Formation of natural satellites
Natural moons form in several ways. Some are formed from the same collapsing region of the protoplanetary disk that created its primary, others are captured later, either following a grazing collision or by exchanging momentum with other, existing, satellites. Often a system of moons will contain several large objects and a number of smaller ones; an intruder may expel several of these objects into interplanetary space, while becoming a new satellite itself (sometimes in a highly eccentric and/or retrograde orbit).
Satellites interact with each other and with the primary via tidal forces, a phenomenon which causes internal heating, and often leads to a state of tidal lock.
If a moon has more than 0.1 x the mass of the primary, it is considered to be part of a double planet system (also known as a 'Dioscuran' system in the NoLWoCS classification system. Examples of Dioscuran worlds include Laurel and Hardy, Helen and Clytemnestra, and the Fiarro twin worlds.

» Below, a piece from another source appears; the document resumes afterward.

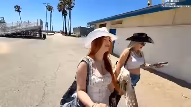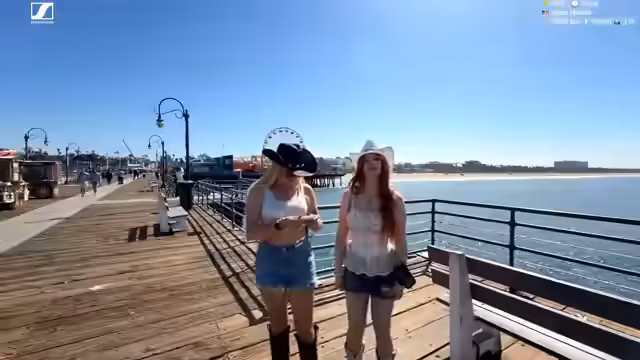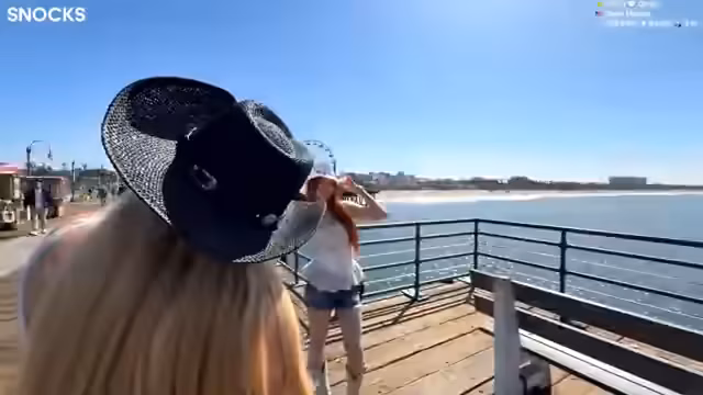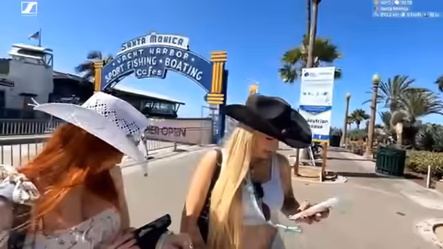 01:15:23Die Streamerin und ihr Begleiter beschäftigen sich intensiv mit Fotografie am Santa Monica Pier. Sie probieren verschiedene Posen und Einstellungen und diskutieren über Kameraführung, Lichtverhältnisse und Hintergründe. Die Streamerin macht sich Gedanken über ihr Outfit mit Cowboy-Hut und -Stiefeln. Es entstehen Diskussionen über die Verwendung von Relingfotos und die Professionalität ihrer Aufnahmen. Die Stimmung ist entspannt und humorvoll, mit vielen spontanen Aktionen.

Some worlds have moons which are significantly smaller than 0.1 x the mass of the primary, but are considered double planets because of convention or historical usage.
An increasing number of natural satellites have been converted into Moon-brains, complex processing centres which often support a transapient entity of S:3 level. Some moon-brains consist of communities of lesser entities, from S:2 level down to modosophont level or below. These structures may also be created by gathering material from external sources: some are constructed from abandoned or re=purposed spacecraft and other redundant infrastructure.